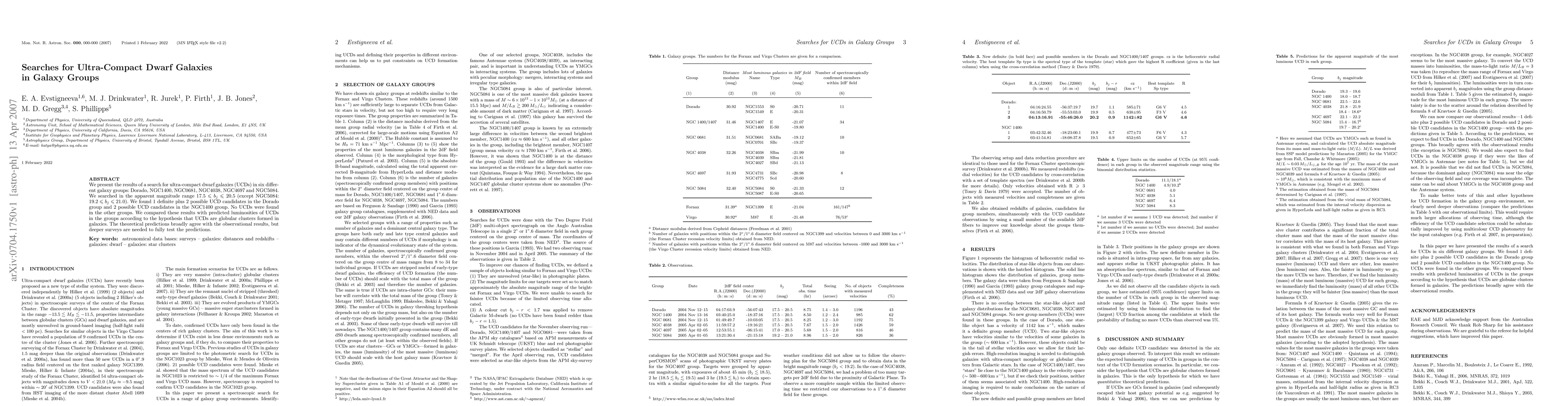 We present the results of a search for ultra-compact dwarf galaxies (UCDs) in six different galaxy groups: Dorado, NGC1400, NGC0681, NGC4038, NGC4697 and NGC5084. We searched in the apparent magnitude range 17.5 < b_j < 20.5 (except NGC5084: 19.2 < b_j < 21.0). We found 1 definite plus 2 possible UCD candidates in the Dorado group and 2 possible UCD candidates in the NGC1400 group. No UCDs were found in the other groups. We compared these results with predicted luminosities of UCDs in the groups according to the hypothesis that UCDs are globular clusters formed in galaxies. The theoretical predictions broadly agree with the observational results, but deeper surveys are needed to fully test the predictions.
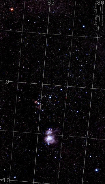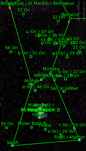 Part of the constellation Orion (Ori) The star Rigel Algebar (β Ori) 19 Ori The star Betelgeuse Al Mankib Betelgeux (α Ori) 58 Ori The star Bellatrix (γ Ori) 24 Ori The star Alnilam (ε Ori) 46 Ori The star Alnitak (ζ Ori) 50 Ori The star Saiph (κ Ori) 53 Ori The star Mintaka (δ Ori) 34 Ori The star Hatysa (ι Ori) 44 Ori The star Saif al Jabbar (η Ori) 28 Ori The star τ Ori 20 Ori IC434 Flame Nebula Orion B NGC1976 Great Orion Nebula Orion Nebula M42 NGC1982 Mairans Nebula M43 NGC2024 NGC2112
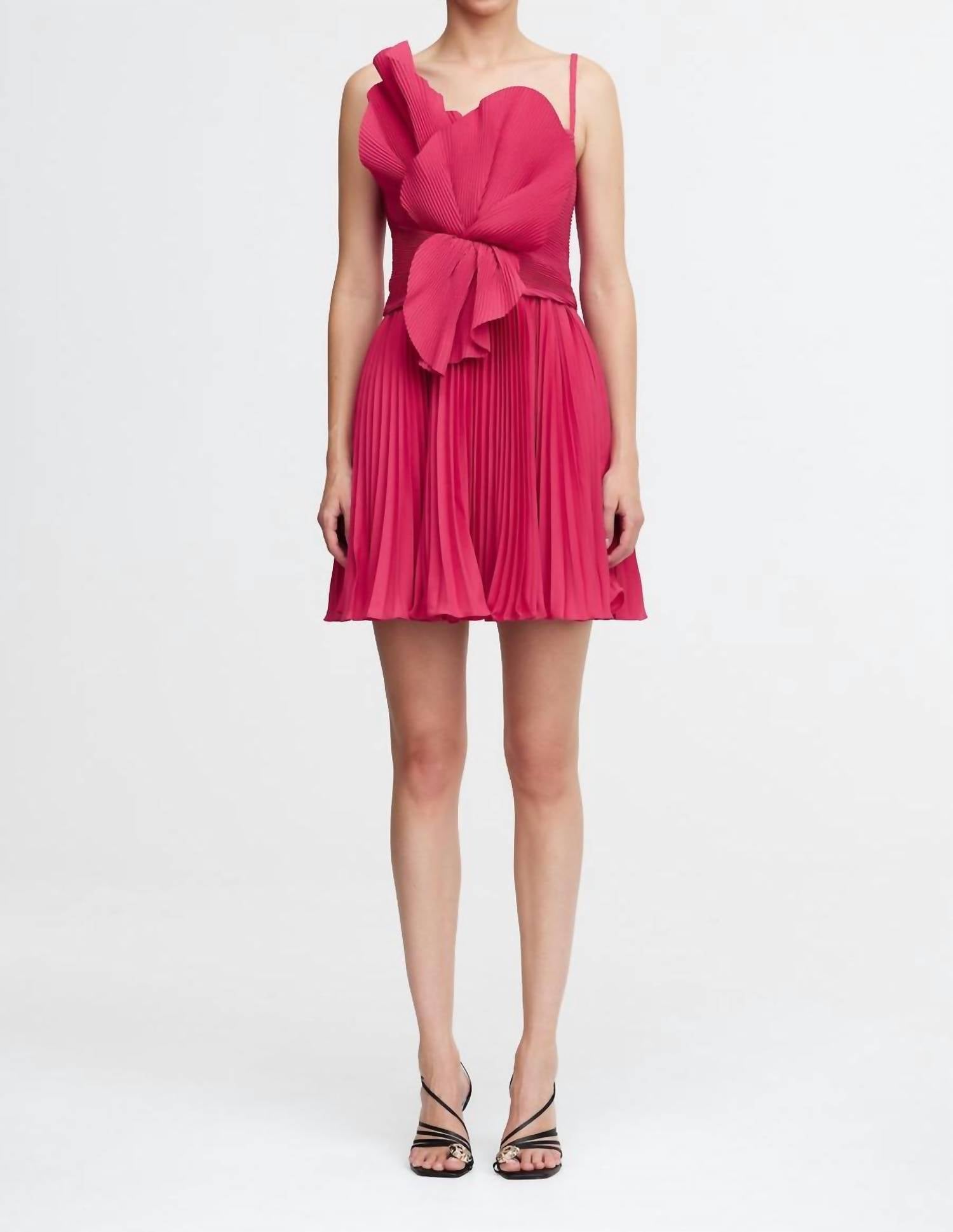 Introducing the ACLER Newtie Mini Dress in Berry Pink, a stunning choice for your next special occasion. This playful yet elegant dress features spaghetti straps and a flattering neckline, complemented by delicate pleating and a sculptural bow detail. It boasts an A-line silhouette with an invisible back zip closure for a seamless look and a fully lined composition made entirely of 100% polyester.

## Description of the task
Your copy should begin at the line containing "Part of the" and end at the last line of the data above, matching each line exactly and holding no pictures.

## Result of this exercise
 Part of the constellation Orion (Ori) The star Rigel Algebar (β Ori) 19 Ori The star Betelgeuse Al Mankib Betelgeux (α Ori) 58 Ori The star Bellatrix (γ Ori) 24 Ori The star Alnilam (ε Ori) 46 Ori The star Alnitak (ζ Ori) 50 Ori The star Saiph (κ Ori) 53 Ori The star Mintaka (δ Ori) 34 Ori The star Hatysa (ι Ori) 44 Ori The star Saif al Jabbar (η Ori) 28 Ori The star τ Ori 20 Ori IC434 Flame Nebula Orion B NGC1976 Great Orion Nebula Orion Nebula M42 NGC1982 Mairans Nebula M43 NGC2024 NGC2112
 Introducing the ACLER Newtie Mini Dress in Berry Pink, a stunning choice for your next special occasion. This playful yet elegant dress features spaghetti straps and a flattering neckline, complemented by delicate pleating and a sculptural bow detail. It boasts an A-line silhouette with an invisible back zip closure for a seamless look and a fully lined composition made entirely of 100% polyester.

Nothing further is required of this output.